Predicting prime editing efficiency and product purity by deep learning

Affiliations

Predicting prime editing efficiency and product purity by deep learning

Nicolas Mathis et al. Nat Biotechnol. 2023 Aug.

Abstract

Prime editing is a versatile genome editing tool but requires experimental optimization of the prime editing guide RNA (pegRNA) to achieve high editing efficiency. Here we conducted a high-throughput screen to analyze prime editing outcomes of 92,423 pegRNAs on a highly diverse set of 13,349 human pathogenic mutations that include base substitutions, insertions and deletions. Based on this dataset, we identified sequence context features that influence prime editing and trained PRIDICT (prime editing guide prediction), an attention-based bidirectional recurrent neural network.
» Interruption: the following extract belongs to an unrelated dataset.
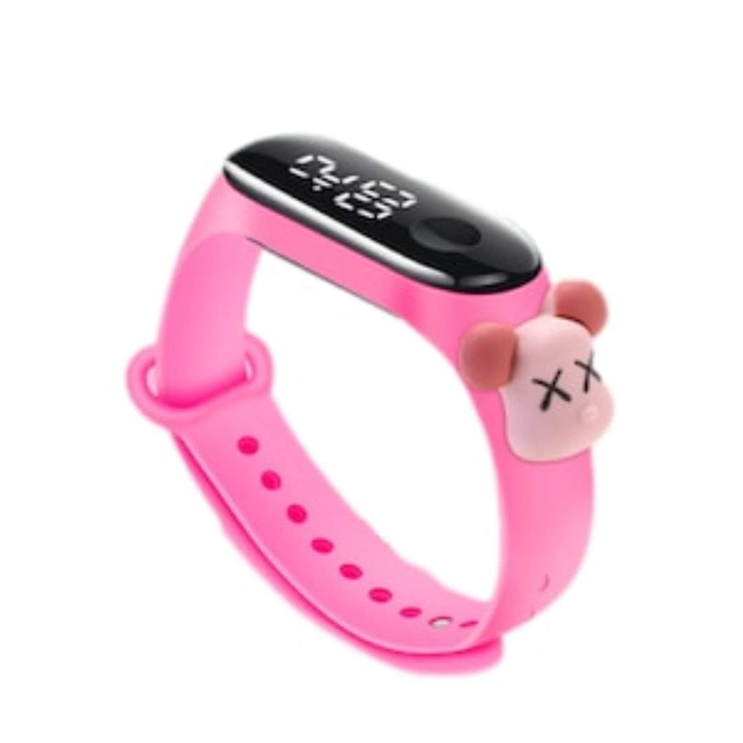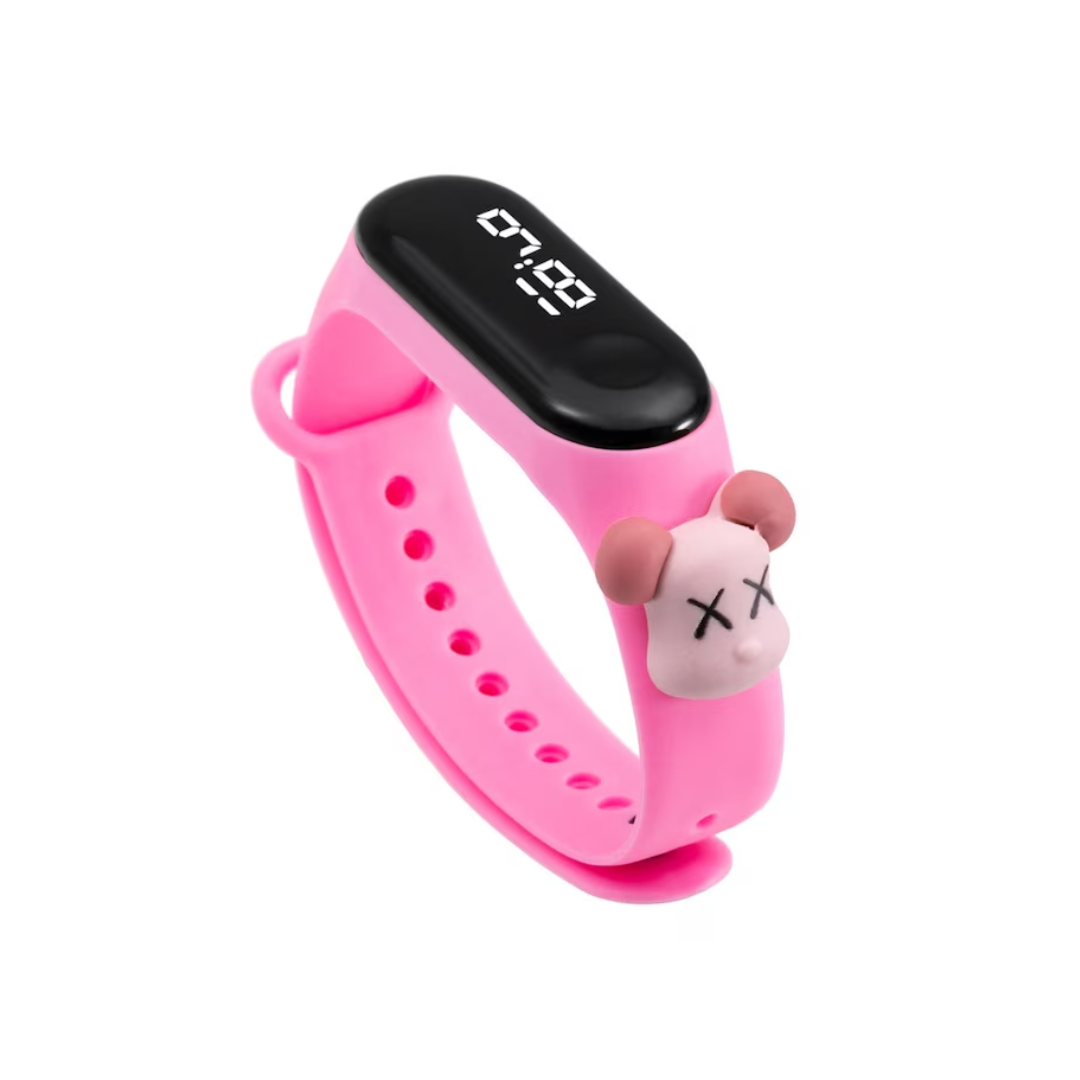 Ceas pentru Copii, cu bratara din silicon Nontoxic, baterie integrata, Cadran digital, Waterproof, Model Șoricel, Roz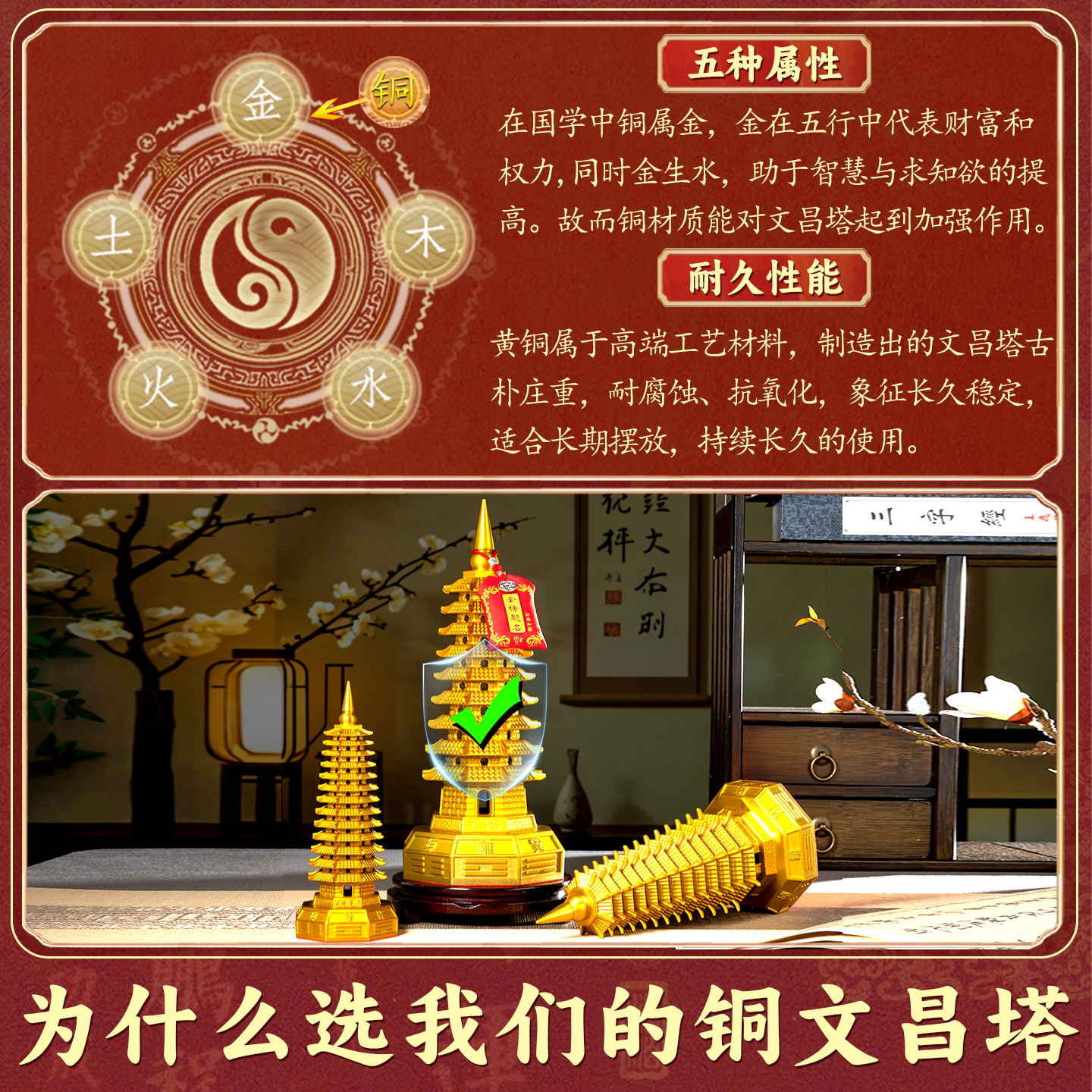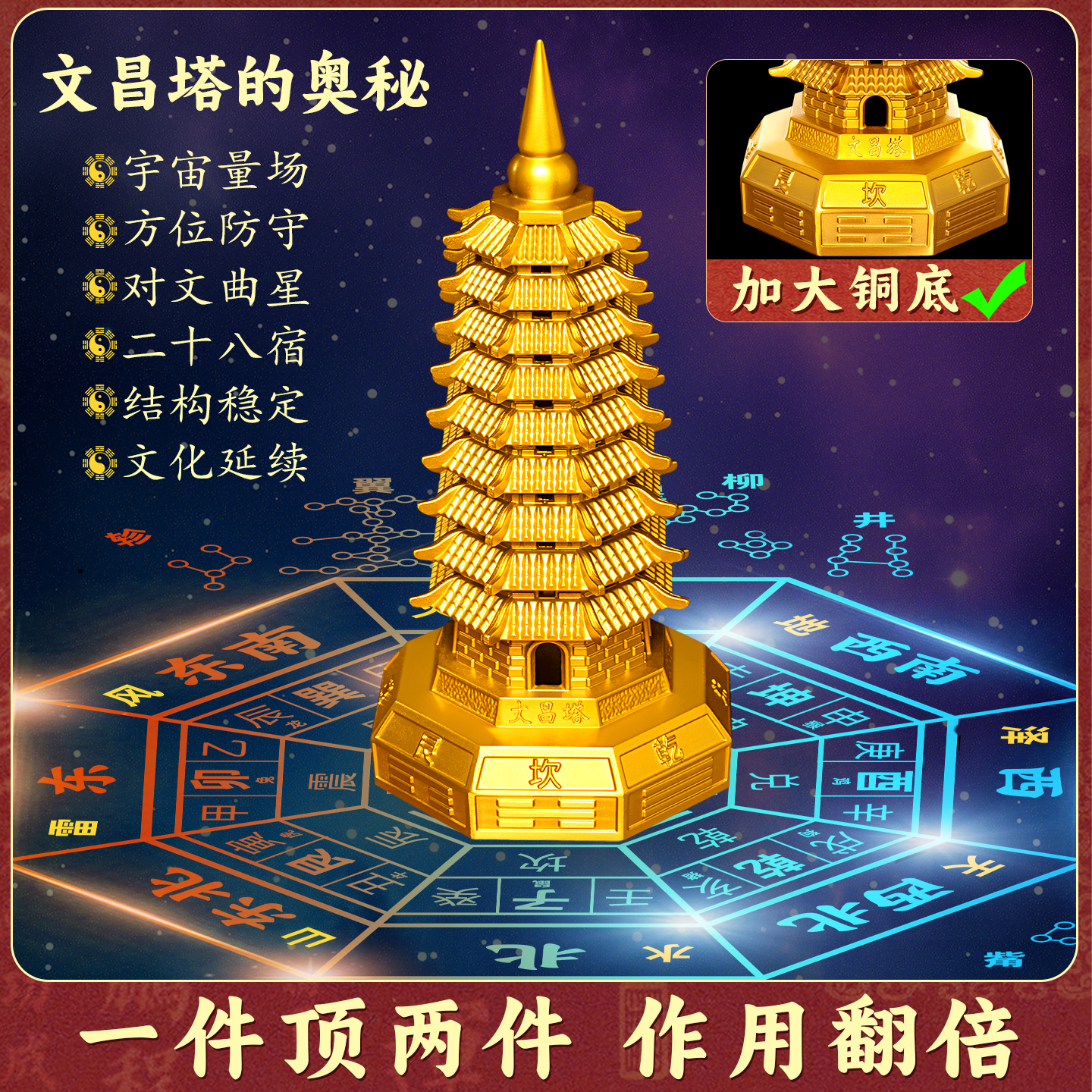 文昌塔摆件纯铜13层的纯黄铜制十三层2025七九层旗舰店宝塔文峰塔

PRIDICT reliably predicts editing rates for all small-sized genetic changes with a Spearman's R of 0.85 and 0.78 for intended and unintended edits, respectively. We validated PRIDICT on endogenous editing sites as well as an external dataset and showed that pegRNAs with high (>70) versus low (<70) PRIDICT scores showed substantially increased prime editing efficiencies in different cell types in vitro (12-fold) and in hepatocytes in vivo (tenfold), highlighting the value of PRIDICT for basic and for translational research applications.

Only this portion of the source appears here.